**PROVIDED DATA:**
>>>>>

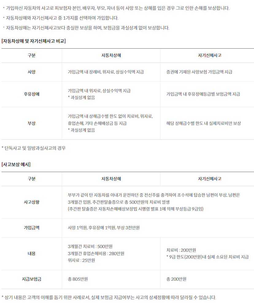 자동차 상해 및 자기신체사고 = 나와 내 가족이 상해를 입은 경우 보상
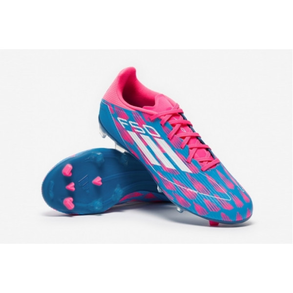 Переосмыслите скорость в новых футбольных бутсах adidas F50 League FG/MG IE0603 в цветах Solar Blue/Ftwr White/Solar Pink.
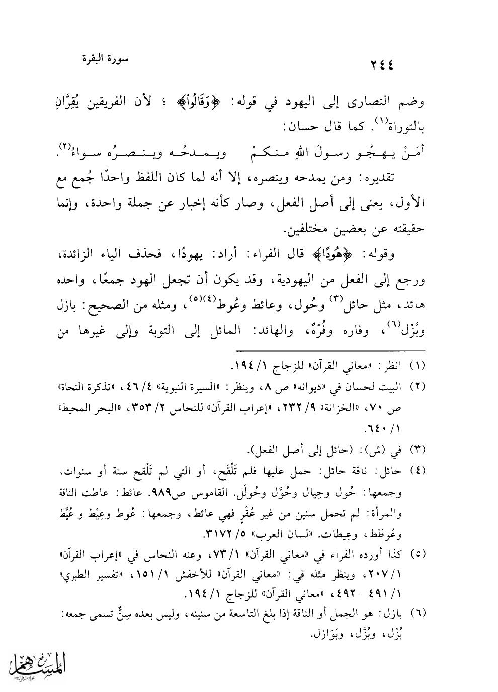 (¬5) كذا أورده الفراء في "معاني القرآن" 1/ 73، وعنه النحاس في "إعراب القرآن" 1/ 207، وينظر مثله في: "معاني القرآن" للأخفش 1/ 151، "تفسير الطبري" 1/ 491 - 492، "معاني القرآن" للزجاج 1/ 194.
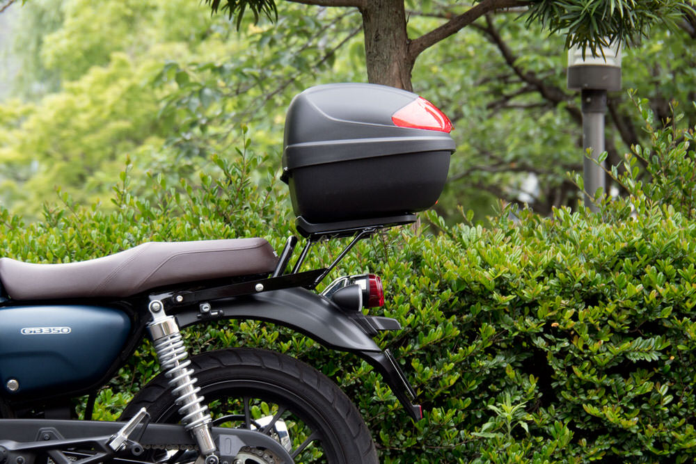クラシックな雰囲気が特徴のホンダGB350。車両デザインにマッチする、スクエア型の天板が特徴のリアキャリア。真上から加わる力の耐久性を高めるため、補強部分の設計に拘ったリアキャリアです。剛性をしっかり確保した強度のあるスチール製材質は強靭なスチール製。最大積載量は5Kgと、大型のリアボックスも難なく積載可能です。 もともと積載しやすい形状をしているGB350ですが、更なる積載アップでキャンプツーリング等にも活躍しそうです。車体の形状に合わせたスクエア型の天板GB350のテール部分の形状に合わせスクエア型の天板に。シートと高さを揃えているので長物の積載にも役立ちます。また、リアキャリアを取り付けてもタンデムグリップを握る事ができる形状になっております。※積載物の形状によりますこだわりのフレーム構造天板を支える4本のフレームは横からみると台形型に補強を入れた構造になっております。あえて平行でない構造にする事により、強度を確保し天板からの負荷に強い造りにしています。◆お得なリアボックスセットキャリアがあったら、まず取り付けしたいのはリアボックス。本来であれば別売りのインナーも付属した、大変お得なセット販売です。■ボックスサイズ30L■セット内容・リアキャリア・リアボックス(サイズを4種類よりお選びください。)・ボックスインナー

<<<<<

**WHAT YOU NEED TO DO:** Write every line above out again exactly; pictures do not belong in the copy.

**ANSWER FOR THIS EXERCISE:**
 자동차 상해 및 자기신체사고 = 나와 내 가족이 상해를 입은 경우 보상
 Переосмыслите скорость в новых футбольных бутсах adidas F50 League FG/MG IE0603 в цветах Solar Blue/Ftwr White/Solar Pink.
 (¬5) كذا أورده الفراء في "معاني القرآن" 1/ 73، وعنه النحاس في "إعراب القرآن" 1/ 207، وينظر مثله في: "معاني القرآن" للأخفش 1/ 151، "تفسير الطبري" 1/ 491 - 492، "معاني القرآن" للزجاج 1/ 194.
クラシックな雰囲気が特徴のホンダGB350。車両デザインにマッチする、スクエア型の天板が特徴のリアキャリア。真上から加わる力の耐久性を高めるため、補強部分の設計に拘ったリアキャリアです。剛性をしっかり確保した強度のあるスチール製材質は強靭なスチール製。最大積載量は5Kgと、大型のリアボックスも難なく積載可能です。 もともと積載しやすい形状をしているGB350ですが、更なる積載アップでキャンプツーリング等にも活躍しそうです。車体の形状に合わせたスクエア型の天板GB350のテール部分の形状に合わせスクエア型の天板に。シートと高さを揃えているので長物の積載にも役立ちます。また、リアキャリアを取り付けてもタンデムグリップを握る事ができる形状になっております。※積載物の形状によりますこだわりのフレーム構造天板を支える4本のフレームは横からみると台形型に補強を入れた構造になっております。あえて平行でない構造にする事により、強度を確保し天板からの負荷に強い造りにしています。◆お得なリアボックスセットキャリアがあったら、まず取り付けしたいのはリアボックス。本来であれば別売りのインナーも付属した、大変お得なセット販売です。■ボックスサイズ30L■セット内容・リアキャリア・リアボックス(サイズを4種類よりお選びください。)・ボックスインナー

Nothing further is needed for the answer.